> INFORMATION SHOWN:

BEGIN

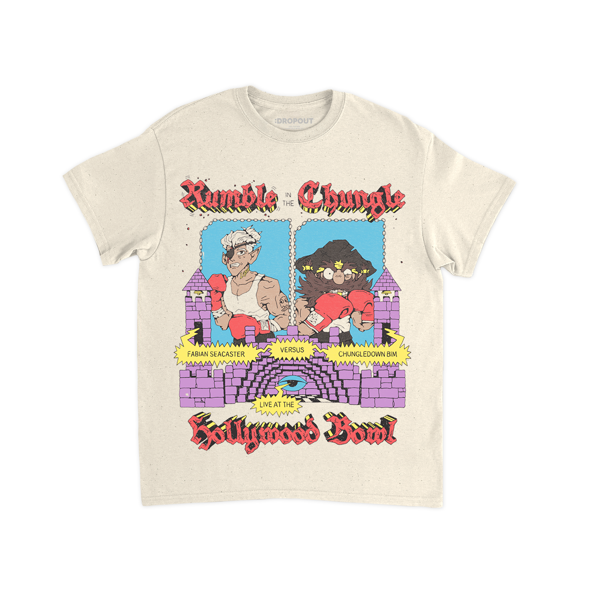 This T-shirt features an image of a character from Fantasy High that is now canonically dead. You’ll have to guess which one though, or just watch the recording of Dimension 20 Live: Battle At The Bowl if you must know who! Art by Connor Tomatoes @connortomatoes
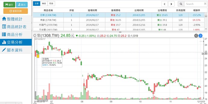 第一筆交易的原始報酬率不含手續費應該是 19.65/25.2-1 = -22% 加計手續費應該差不多-23% 系統顯示-19%
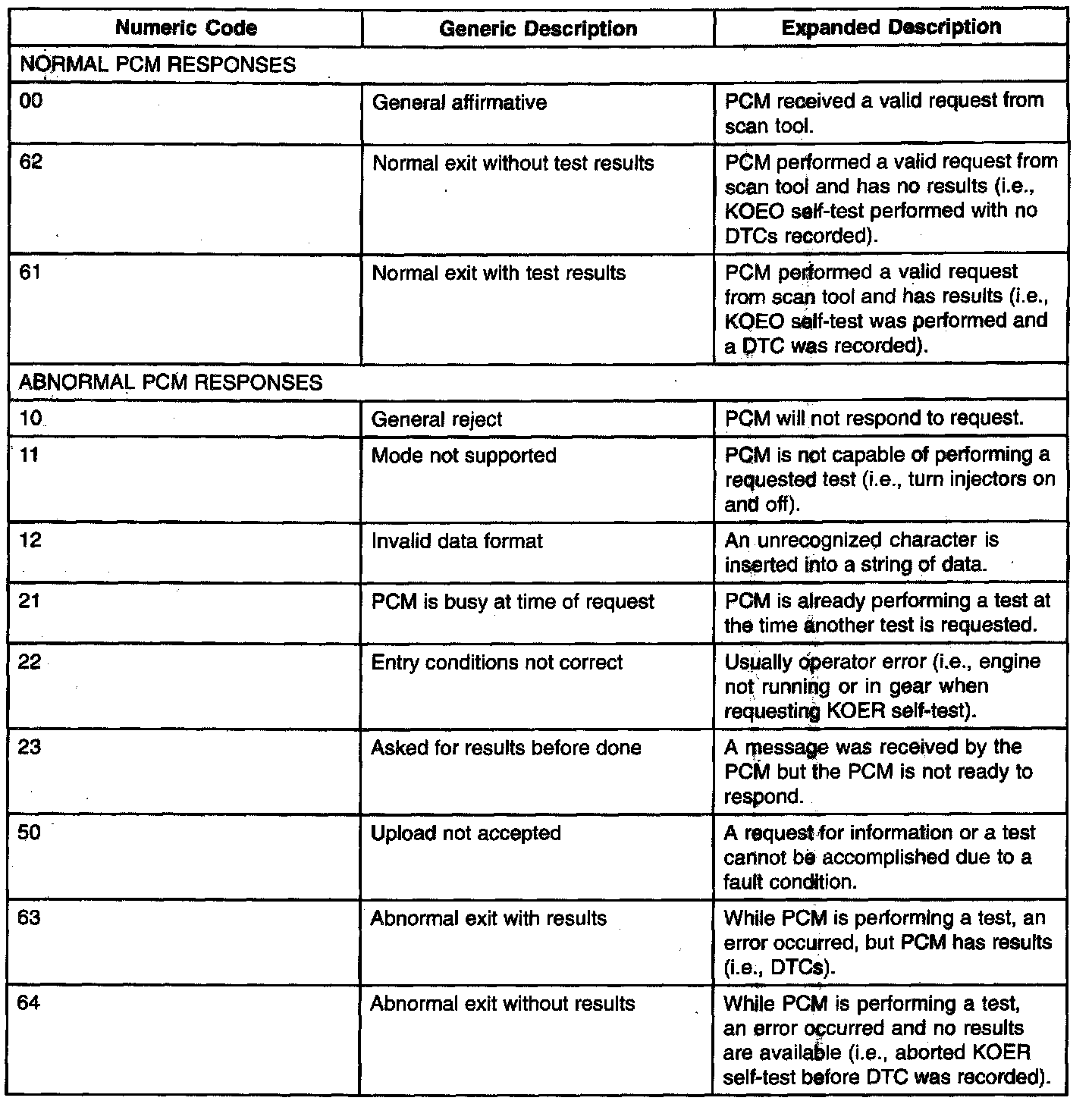 It is possible to receive a communication error from a WDS or equivalent tester when initiating a diagnostic test or accessing PIDs. The communication error can be caused by operator error, the vehicle wiring, connectors, the PCM or other control modules connected to the DLC wiring. The PCM will respond to a WDS or equivalent tester whenever the tool requests a test. These are not DTCs. Listed below are numeric codes and generic descriptions that a scan tool may display when trying to perform some PCM operations. It is possible to get other numeric codes not listed. For a complete list of communication response codes, See society of automotive engineers (SAE) document J2190 enhanced E/E Diagnostic Test Modes. Some are normal responses to valid requests. The others are communication error responses.
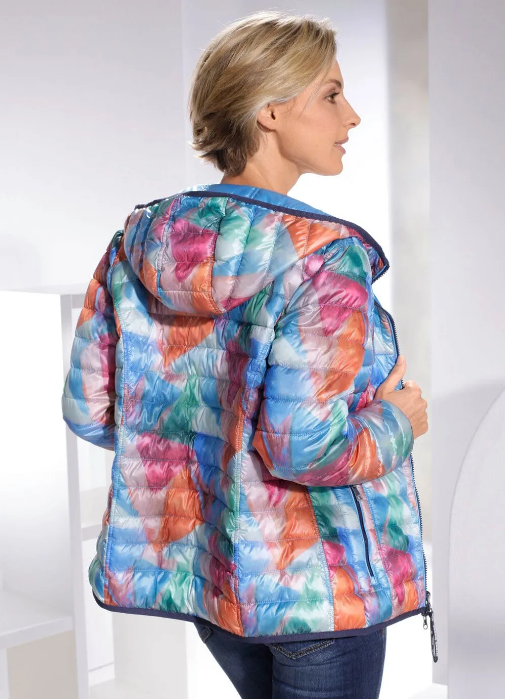 Ganz egal wie man sie dreht und wendet, diese Funktions-Wendejacke zeigt sich garantiert von ihrer Schokoladenseite: Kapuze mit kontrastfarbenem Elastikbändchen am Rand, an den Ärmelabschlüssen und am Saum, 2-Wege-Reißverschluss sowie Reißverschlusstaschen Eine Seite mit farbbrillantem Inkjet-Druck und Fantasiedessin in Pink-Orange-Bleu-Grün, die andere Seite in Azurblau uni. Länge ca. 64 cm, ab Gr. 40 ca. 66 cm, ab Gr. 44 ca. 68 cm, ab Gr. 48 ca. 70 cm, bei Gr. 52 ca. 72 cm.

END

> WORK INSTRUCTION: Retype the lines starting with the one that holds "第一筆交易的原始報酬率不含手續費應該是 19.65/25.2-1 = -22%" and ending with the last line of the data above, both included; skip the pictures.

> ANSWER FOR THE TASK:
 第一筆交易的原始報酬率不含手續費應該是 19.65/25.2-1 = -22% 加計手續費應該差不多-23% 系統顯示-19%
 It is possible to receive a communication error from a WDS or equivalent tester when initiating a diagnostic test or accessing PIDs. The communication error can be caused by operator error, the vehicle wiring, connectors, the PCM or other control modules connected to the DLC wiring. The PCM will respond to a WDS or equivalent tester whenever the tool requests a test. These are not DTCs. Listed below are numeric codes and generic descriptions that a scan tool may display when trying to perform some PCM operations. It is possible to get other numeric codes not listed. For a complete list of communication response codes, See society of automotive engineers (SAE) document J2190 enhanced E/E Diagnostic Test Modes. Some are normal responses to valid requests. The others are communication error responses.
 Ganz egal wie man sie dreht und wendet, diese Funktions-Wendejacke zeigt sich garantiert von ihrer Schokoladenseite: Kapuze mit kontrastfarbenem Elastikbändchen am Rand, an den Ärmelabschlüssen und am Saum, 2-Wege-Reißverschluss sowie Reißverschlusstaschen Eine Seite mit farbbrillantem Inkjet-Druck und Fantasiedessin in Pink-Orange-Bleu-Grün, die andere Seite in Azurblau uni. Länge ca. 64 cm, ab Gr. 40 ca. 66 cm, ab Gr. 44 ca. 68 cm, ab Gr. 48 ca. 70 cm, bei Gr. 52 ca. 72 cm.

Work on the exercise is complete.